Dr. Eppstein: Das ist schwierig, denn die Kassen bezahlen diese Behandlung nur in seltenen Einzelfällen. In der Regel ist das eine Selbstzahler-Leistung.
myBody: Und mit welchen Kosten kann man grob rechnen?
Dr. Eppstein: Das hängt von der Größe und der Anzahl der Narben ab. Die Behandlung beginnt ab 800 Euro.
myBody: Gibt es weitere Einsatzgebiete der Kryotherapie oder kommt das Verfahren derzeit nur für Narbenbehandlungen infrage?

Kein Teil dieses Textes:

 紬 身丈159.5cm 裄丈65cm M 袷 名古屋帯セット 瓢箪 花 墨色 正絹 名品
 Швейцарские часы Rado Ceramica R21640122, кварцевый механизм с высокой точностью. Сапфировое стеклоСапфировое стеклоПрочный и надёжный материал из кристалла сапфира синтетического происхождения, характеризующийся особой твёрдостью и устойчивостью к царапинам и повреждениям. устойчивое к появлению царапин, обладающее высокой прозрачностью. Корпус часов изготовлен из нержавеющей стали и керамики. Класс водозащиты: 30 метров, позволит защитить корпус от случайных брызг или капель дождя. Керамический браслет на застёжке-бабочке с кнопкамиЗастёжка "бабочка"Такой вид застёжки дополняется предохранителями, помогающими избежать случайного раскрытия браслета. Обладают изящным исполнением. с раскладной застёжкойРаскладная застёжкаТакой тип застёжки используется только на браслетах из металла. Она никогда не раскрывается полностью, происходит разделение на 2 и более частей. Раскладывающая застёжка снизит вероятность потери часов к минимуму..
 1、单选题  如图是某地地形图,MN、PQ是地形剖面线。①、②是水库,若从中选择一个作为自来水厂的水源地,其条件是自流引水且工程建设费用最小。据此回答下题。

Dr. Eppstein: Weitere Einsatzgebiete sind Gegenstand der Forschung. Momentan wird daran geforscht, inwiefern die Kryotherapie bei Basalzellkarzinomen – das ist eine Hautkrebsart – bei älteren Patienten an der unteren Extremität angewendet werden kann und inwiefern sich so eine Therapie mit einer chirurgischen Therapie vergleichen lässt. Die Hypothese ist, dass so eine Kryotherapie mit weniger Nebenwirkungen, weniger Komplikationen, jedoch mit demselben Erfolg einhergeht. Aber diese Forschungen sind noch nicht abgeschlossen und die Ergebnisse noch offen.

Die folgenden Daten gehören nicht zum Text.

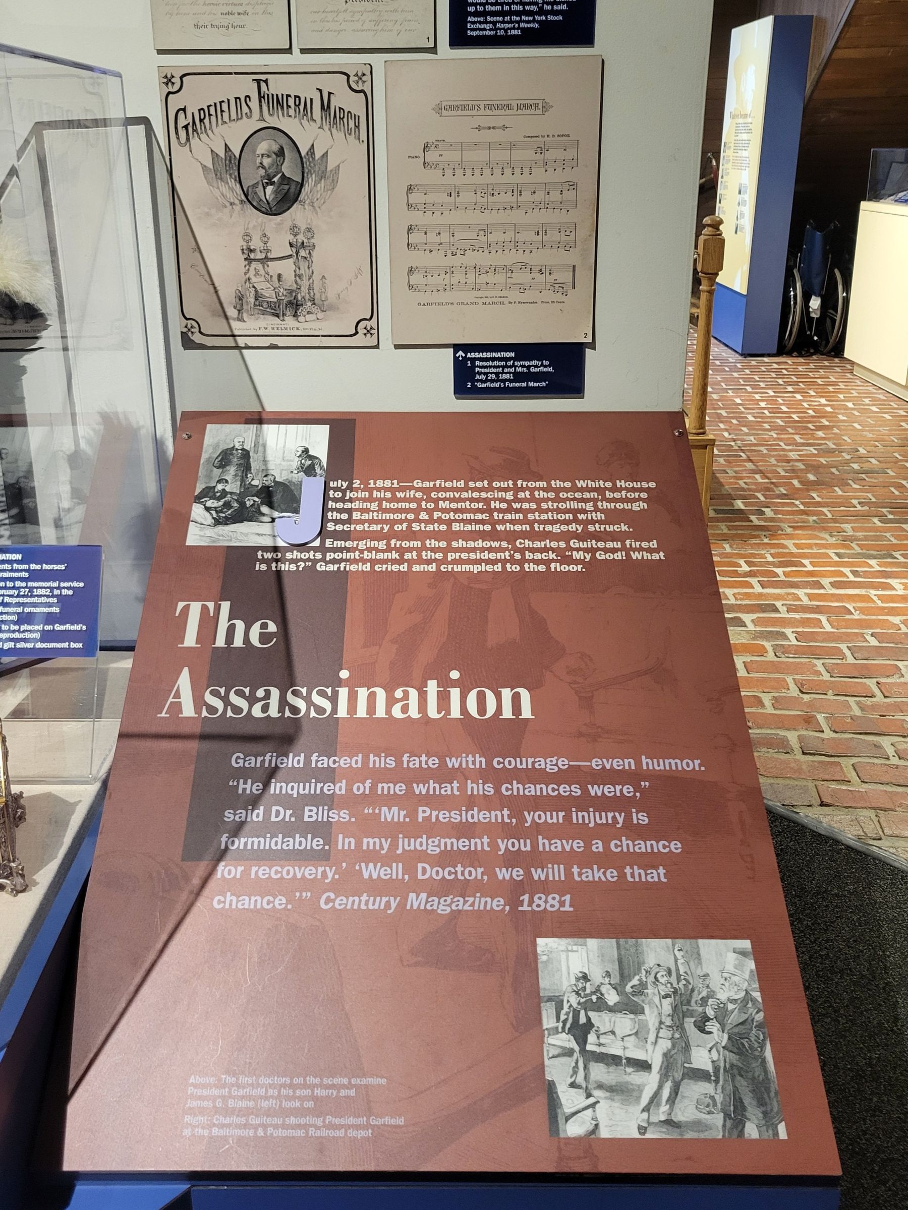 다음으로 대통령 선거와 취임식 등을 보여주는데, 제일 왼쪽에 빨간 옷을 맞춰 입은 사람들이 당시 선거운동원 모습이란다. 공화당 내 급진파였던 가필드는 선거자금이 부족했기 때문에, 다른 최대파벌의 지원을 받는 대신에 부통령 후보로 그쪽 계파 사람을 골랐고, 당선되면 상대 파벌에도 요직을 준다는 조건에 합의해야만 했다. 그 결과로 아주 근소한 차이로 대선에서 승리해서 1881년 3월에 대통령에 취임했지만...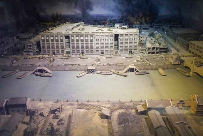 纪念馆内,大量的历史照片和战场实物、复原战斗场景的微缩景箱、谢晋元和战士们雕像等等,将那段英勇卓绝的抗战历史呈现在人们面前。

Dr. med. Ron Julius Eppstein ist Facharzt für Plastische und Ästhetische Chirurgie und Inhaber der im Dezember 2017 gegründeten Eppstein-Klinik. Zu seinen Spezialgebieten zählen die Brustchirurgie, Bauchdeckenstraffung, Fettabsaugung und Kryotherapie. Dr. Eppstein ist Co-Autor zahlreicher Publikationen zu Themen der Verbrennungschirurgie sowie der Narbenchirurgie.